Quella vergogna nazionale che ci ha condannati alla derisione mondiale e ci fa passare per un popolo di vigliacchi e di voltagabbana benché, parole dei generali nemici, la Repubblica Sociale Italiana abbia salvato il nostro onore, è difficile da analizzare con lucidità e senza imbarazzo.

Di sicuro c’è l’attenuante che, esistendo tre figure morali di riferimento (Re, Papa e Duce) e schierandosi queste su tre campi diversi, rispettivamente tradimento, neutralità e fedeltà, appare ancor più fulgida la risposta dei guerrieri dell’Onore.

Ma intendo soffermarmi sulle organizzazioni giovanili fasciste, sulla base militante.

Così come i gerarchi più illustri raramente diedero l’esempio e furono i più giovani, in qualche modo le seconde linee, a farsi avanti nella tragedia (si pensi alle scelte opposte dei due amici Ciano e Pavolini considerato fino ad allora un moderato), furono le organizzazioni giovanili più “quotate” a tradire mentre quelle più umili, ma più militanti, parteciparono in massa all’ultimo stupendo ruggito.

Per le prime intendo soprattutto i GUF (Gruppi Universitari Fascisti) che espressero in breve tempo quadri politici (raramente combattenti) dei partigiani, spesso comunisti. Tanto per non fare nomi: Ingrao e Napolitano. Quasi nessuno di loro aderì alla Repubblica, in molti tradirono decisamente e facendosene un vanto, anzi spiegando che fosse una necessità morale.

È pur vero che Mussolini non aveva mai fatto troppo affidamento su di loro, borghesi rampanti, ma sui più popolari membri della GIL (Gioventù Italiana del Littorio) che infatti risposero con entusiasmo a quell’ultimo appello.

Ma dove risiede quella differenza? Non è solo di ordine sociale ma di concezione di sé.

I GUF avevano una via erudita e facevano camarilla tra di loro, incoraggiandosi l’un l’altro, a buon uso con disprezzo degli “illetterati”, ognuno di loro era pieno di sé, tanto che era certo che avrebbe fatto meglio dello stesso Mussolini.

I GIL militavano, si realizzavano nella partecipazione impersonale: non scrivevano sui quaderni le cause, le seguivano. Non teorizzavano il mondo, lo vivevano.
Non volevano una politica che facesse bene al proprio ego, ma lo sacrificavano invece alla politica.

Personalisti i primi, impersonali e militanti i secondi. In buona misura entrambi fecero le scelte che corrispondevano alla loro specifica natura.

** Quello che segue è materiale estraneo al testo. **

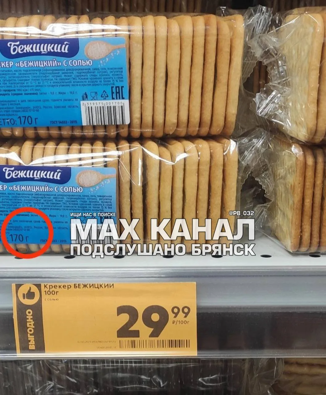 Пишут: Что творится с ценами. Поход в магазин Пятёрочка теперь превращается в экзамен по математике. Заводская пачка крекера весом 170 гр. , а цена указана на ценнике за 100 гр . Это чтобы покупатели шевелили мозгами? Задание:цену высчитай сам.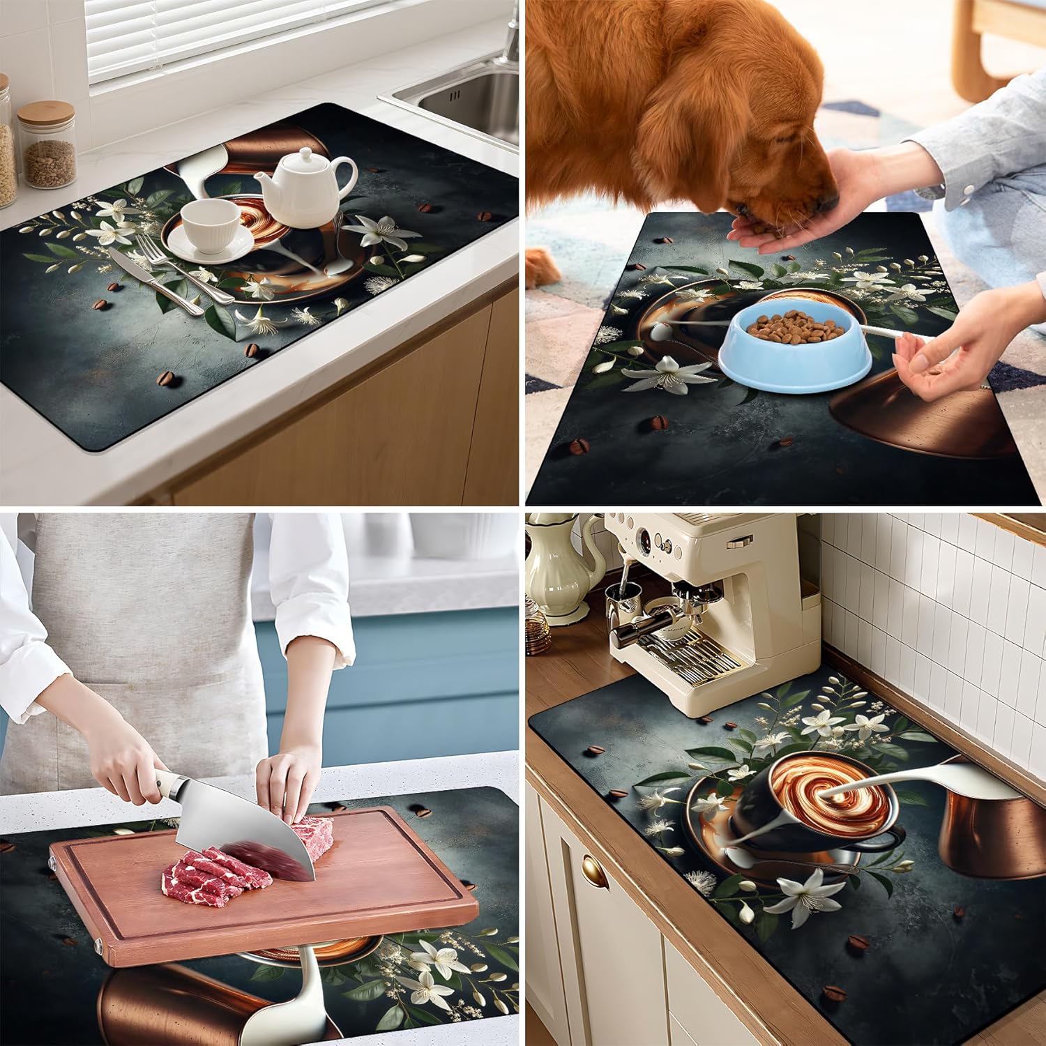 - Excellent Design - Our coffee bar mat is exquisitely designed and can perfectly match various of your kitchen styles. It is an essential accessory for coffee lovers. It can be used as a drying pad for kitchen or as a decorative embellishment for your countertop, coffee station, or desk.

Ovviamente i fascisti sfascistizzati non si limitarono a dire “ho cambiato casacca”, cercarono giustificazioni che trasformarono in sentenze di accusa contro coloro che “erano rimasti indietro”; anzi che “erano stati manipolati e ingannati”. Sicché i limiti e i difetti della Rivoluzione progressiva mussoliniana vennero enfatizzati, negando quello che pochi anni prima aveva esaltato addirittura Togliatti. Giunsero a parlare di corruzione perfino per i gerarchi della RSI, smentiti dai fatti (chiuse addirittura con il bilancio in attivo!) e dalle inutili inchieste su di loro, già assassinati, che provarono che invece ci avevano rimesso di tasca propria.

Presero in giro chi combatteva dietro le insegne che erano state anche le loro e dissero che erano sciocchi, venduti o mercenari.

Minimizzarono come effetti collaterali le marocchinate e i linciaggi partigiani. Forti del fatto che “la storia stava dando loro ragione”.

Nulla di nuovo sotto il sole.
Ovviamente non si può equiparare per mille motivi la situazione di allora con quella venuta a verificarsi dopo l’invasione russa dell’Ucraìna e il triplice attacco all’Europa da parte di Mosca.

O meglio, non si può fare il parallelo preciso per chi, come noi, non è ucraìno né appartiene a una delle nazioni lungamente schiacciate dal tallone russo e soffocate dall’alito mefitico dell’orso da circo.

Pur non essendo affatto d’accordo, comprendo i percorsi di certi ragionamenti neutralisti (purché non pacifisti!!!!) e perfino di certe vaghe suggestioni per una Russia che però non c’è.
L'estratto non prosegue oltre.